If you have to persist the WorkingMemory and keep facts around from run to
run, you may want to customize your serialization. At the very least,
define transient values where you can, for fields that can be restored at
runtime from other knowledge. Once you're talking millions of objects,
every little bit helps. I'll let the JBoss guys comment on specifics of
whether customizing writeObject/readObject on your objects is a good idea
(I've had issues in the past with a persistant WorkingMemory, although those
seemed to be bugs that have since then been fixed in the trunk code).

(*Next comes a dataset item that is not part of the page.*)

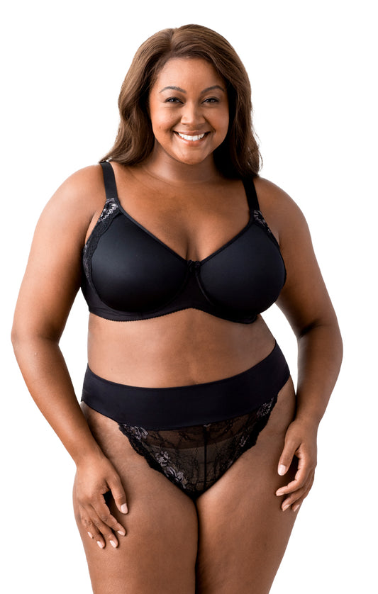 Elila Women’s Plus Size Lacey Curves Underwire Bra, Full Coverage Support, Style 2311 Black

In this sort of case, I'd try first to deconstruct the problem, however. Do
you really need 1,000,000 facts *at the same time* in the engine? Are there
possible matches from every fact object, to every other fact object, that
can only be resolved by having them all resident? One technique is to
instead inject smaller numbers of facts, and use helper objects to
accumulate some larger state.
For instance, I have many rules that try to detect patterns in (wait for it)

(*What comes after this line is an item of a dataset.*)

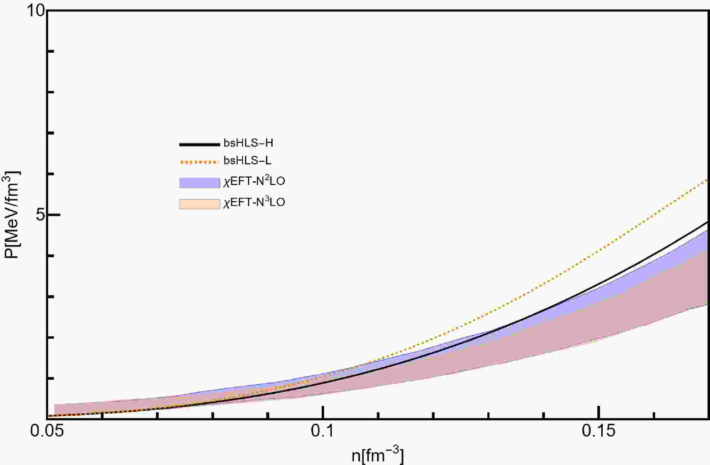 The difference between bsHLS-L and bsHLS-H becomes significant in the M-R relation, as shown in Fig. 2 and discussed in the previous section, though it is not distinguishable from the NM properties around saturation density. In order to understand these more deeply, the pressure of PNM is calculated around and below saturation density, and compared with the results of the conventional chiral nuclear force, as shown in Fig. 4. One can see that the pressure of bsHLS-H can align with the constraints up to saturation density, while bsHLS-L is a little higher around

20-100 million pieces of IP network data per day. Obviously, I can't just
inject all those events and hope something comes out. Instead, I linearly
order the events (which I actually get in chunks throughout a given day),
and inject them into the engine one event at a time (I could do the entire
chunk, it just makes some of my rules easier to do it knowing only one Event
object exists at a time). I fire all the rules, then I retract the event.
Accumulators and other "tracking" objects note data of interest in the
event, until they possibly reach a terminal state, indicating a conclusion
has been reached. I then "harvest" the data from the helper object, and
retract *that*.
By doing this, I really only have a very small number of things in working
memory at a time. I also managed to segregate my working memory and my
engines -- I run 1 engine per device of interest, and any higher level
correlations between devices get captured as meta-facts that I feed into
*another* network of engines (to correlate global data).
Just some ideas!
--- Michael